Thus, in the light of said averments in the answer of J. C. Gibson in the former suit, in the bill of Legrand and wife in this suit, and in the answer of Samuel Rixey to the latter, it appears with reasonable certainty that Samuel Rixey wrote the original draft of the agreement of June 26th, 1873, and presented it to J. C. Gibson for his signature; that the latter repudiated and refused to sign it, because it was not according to the previous verbal agreement in so far, and only so far, as it provided the manner of applying the proceeds of the Ross decree, as collected, and that J. C. Gibson thereupon wrote the addendum, changing the agreement as written in that particular only; that Rixey acceded to the change thus made, and that Gibson thereupon signed the agreement and addendum, and, reserving a copy, delivered the original to Rixey, who delivered it to James G. Field, the trustee and counsel of Lucy B. Legrand, said Rixey taking the copy thereof which appears in the record; that the arrangement was completed by the payment by Gibson to Rixey of $323.30, in full of the interest payment provided for in said agreement; and *875when called upon in the bill in this suit to produce the original, Rixey responded that it was not in his possession, but had been delivered to James G. Field, and referred to the copy retained and filed by him as a true copy of the original.

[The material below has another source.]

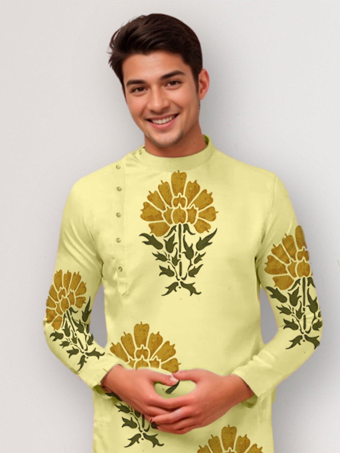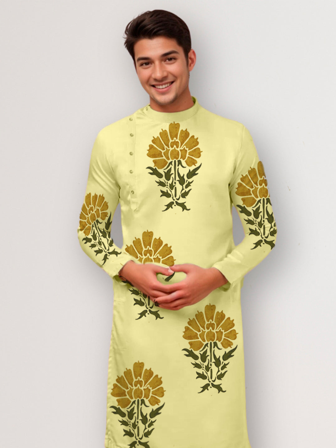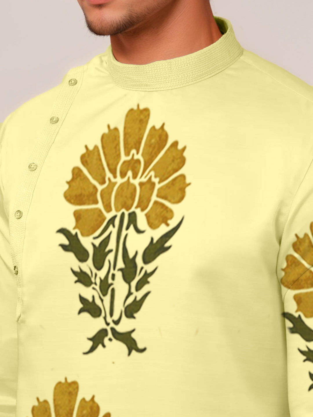 Mens Lime Green Side Placket Printed Kurta Wite Pyjama Set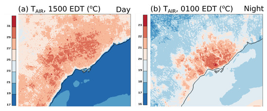 Impact of lake-breeze flows on GTA’s intra-urban CUHI is further investigated in the following paragraph. During the Games period (from 8 July to 15 August), 95% of the days featured lake-breeze development [15]. Figure 9 presents maps averaged for days with low deformation lake-breeze over the lake Ontario (10, 11, 27, 28 July and 15 August 2015). Low deformation lake breeze means that the influence of the synoptic-scale wind is low and that the lake breeze propagates inland parallel to the coastline [61]. Maps of air temperature are provided during daytime (1500 EDT) and night-time (0100 EDT). During daytime (Figure 9a), air temperature maximum values are found over the city but at about 10 km north of the shoreline. During nighttime (Figure 9b), maxima are found close to the shore and concentrated around Toronto downtown, due to the interaction of the land breeze with the persistent heat released in urban areas (release of energy stored during the day). These results are in agreement with the expected climatology for coastal city under lake-(or sea-) breeze regime (see Figure 2 in [1]). In those situations, the maximum CUHI over land reaches respectively 5 °C (7 °C) for daytime (nighttime), but with a strong anisotropy for daytime with almost 14 °C as compared to the water side.

In the light of these circumstances we can readily understand why it was not deemed essential, and why Rixey did not sign the agreement of June 26th, 1873; for by the alteration therein effected by the addendum the only provision in the original which was advantageous to Rixey was wiped out, and the agreement thus altered became simply Gibson’s obligation, under seal, to perform the conditions upon which Rixey extended indulgence to him and those represented by him on the debt secured by the trust-deed. If the arrangement was not so understood and perfected by the parties, it is inconceivable why Gibson not only signed and delivered the paper of June 26, 1873, and retained a copy, but actually then made the cash payment of interest due as stipulated for in the agreement, which payment is endorsed on the agreement, and is of even date therewith.

Moreover, we find in the record the assignment, in writing, of J. C. Gibson and wife of July 27th, 1872, to Samuel Rixey, which embraces the Ross debt only. There is no evidence in the record of the assignment of other debts by Gibson to Rixey, or of re-assignment by the latter to the former, except what is found in the subsequent agreement of June 26th, 1873, and therein we find a provision for the retention, collection and application of the Ross debt; and it is also therein distinctly set forth: “all other notes, bonds, decrees or judgments assigned or promised to be assigned by said Gibson to said Rixey as further security for said debt, are hereby re-assigned and released by said Rixey to said Gibson without any recourse whatever to said Rixey.” This is what J. C. Gibson himself says was done. There *876is in the record nothing to explain it away, or to lessen its necessary effect. It would seem, then, that the conclusion is irresistible, that J. C. Gibson and those he represented are bound by the plain terms of the agreement itself. The very terms of the agreement forbid any other conclusion.

Nor could the agreement of June 26th, 1873, have the effect ascribed to it in the bill of Legrand and wife, i. e., to release Mrs. Legrand’s interest in Elk Spring farm from liability under the trust-deed, by reason of extending the time of the payment of the debt secured thereby. She was not the surety of Mrs. Gibson, but a principal debtor and co-obligor. Nor, after Gibson’s default in paying the annual instalments, could said agreement operate to postpone the liability of her said interest to sale under said trust-deed.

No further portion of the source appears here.